▶ [DIRECTIONS]:
When a picture appears in the listing, leave it out and copy the rest exactly as it stands.
** COLLECTED DATA follows **
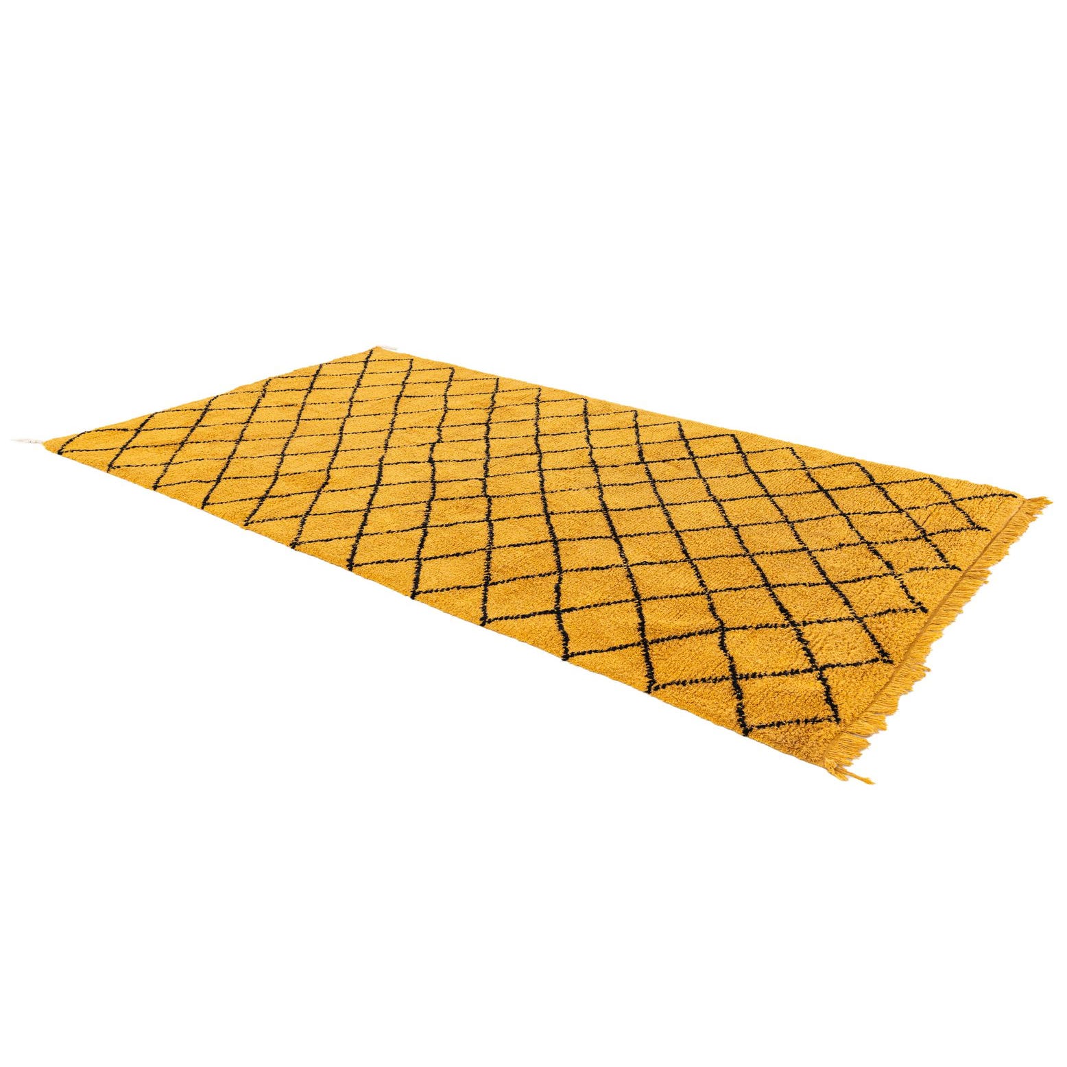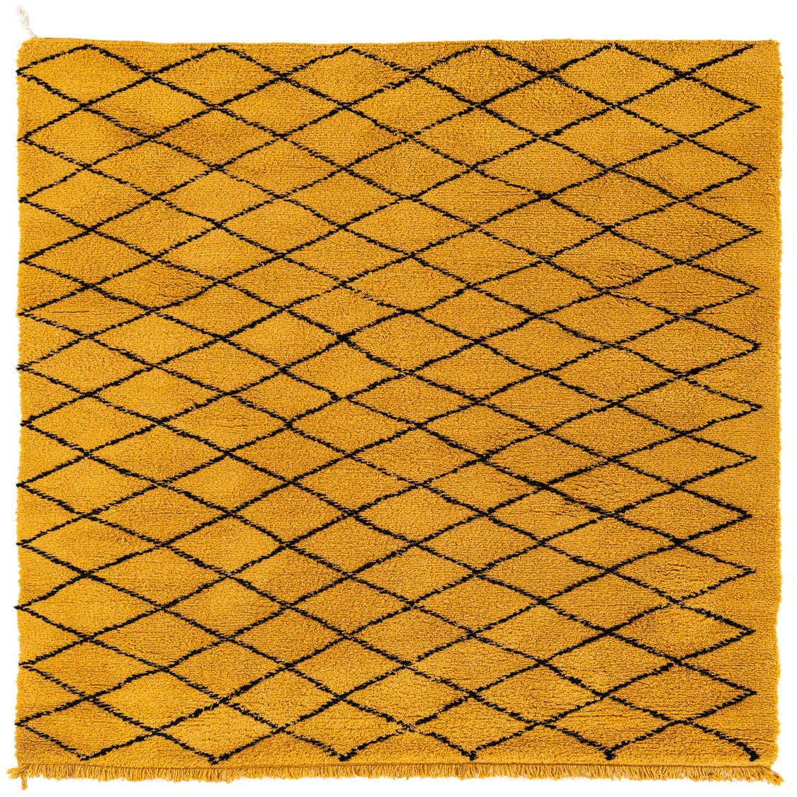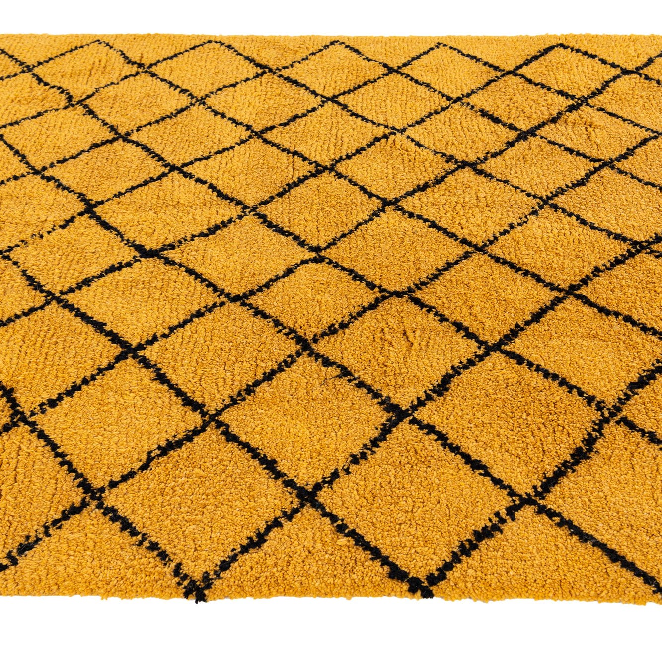 This Moroccan collection rug showcases a timeless diamond lattice pattern, rendered in a bold black on a vibrant gold background. The hand-knotted 100% wool composition ensures a durable texture that provides both warmth and tactile comfort underfoot.
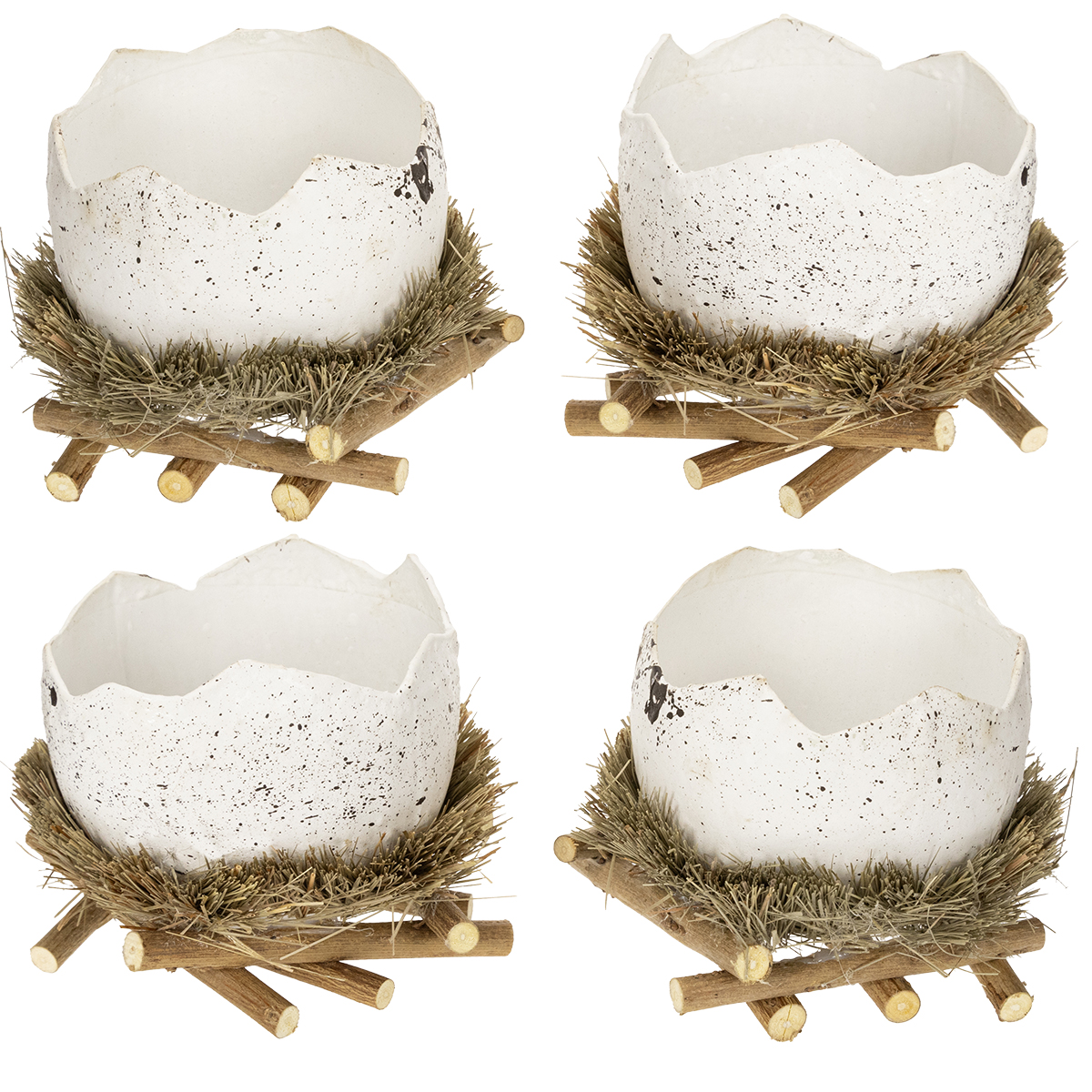 Osternest Schale 11cm aus Holz und Heu in Eioptik für Frühlings- und Osterdekoration 4er-Set
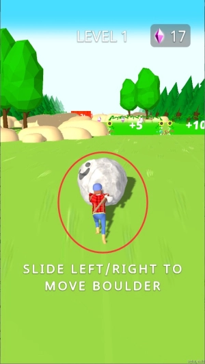 1、点击屏幕释放巨石开始滚动,通过左右滑动控制前进方向,收集沿途的绿色宝石增加体积分数。
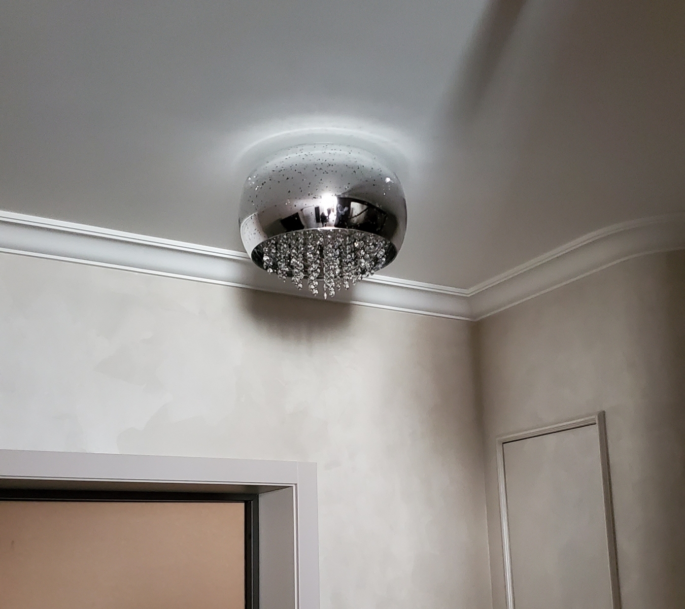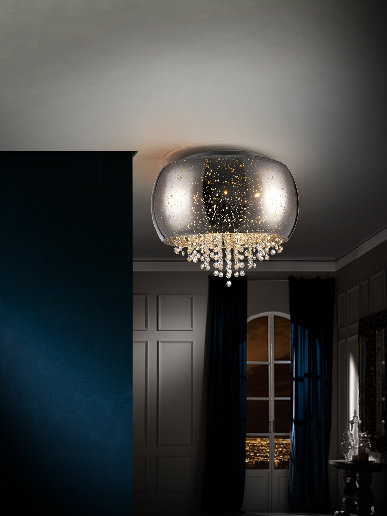 Потолочный светильник из коллекции Caelum от фабрики Schuller с оригинальным плафоном из зеркального стекла с декоративным рисунком "звёздная пыль". Внутри светильника крепятся эффектные стеклянные прозрачные подвески с огранкой. Прекрасный вариант для оформления прихожей в современном интерьере. Купить коллекцию светильников Caelum, в которую входят подвесные люстры, потолочные светильники, настенные бра и настольные лампы медного цвета можно в нашем интернет- магазине по выгодным ценам с оперативной доставкой в Москве. Лампочки: 5 шт. G9 макс.6W.
** End of COLLECTED DATA **
▶ [ANSWER]:
 This Moroccan collection rug showcases a timeless diamond lattice pattern, rendered in a bold black on a vibrant gold background. The hand-knotted 100% wool composition ensures a durable texture that provides both warmth and tactile comfort underfoot.
 Osternest Schale 11cm aus Holz und Heu in Eioptik für Frühlings- und Osterdekoration 4er-Set
 1、点击屏幕释放巨石开始滚动,通过左右滑动控制前进方向,收集沿途的绿色宝石增加体积分数。
 Потолочный светильник из коллекции Caelum от фабрики Schuller с оригинальным плафоном из зеркального стекла с декоративным рисунком "звёздная пыль". Внутри светильника крепятся эффектные стеклянные прозрачные подвески с огранкой. Прекрасный вариант для оформления прихожей в современном интерьере. Купить коллекцию светильников Caelum, в которую входят подвесные люстры, потолочные светильники, настенные бра и настольные лампы медного цвета можно в нашем интернет- магазине по выгодным ценам с оперативной доставкой в Москве. Лампочки: 5 шт. G9 макс.6W.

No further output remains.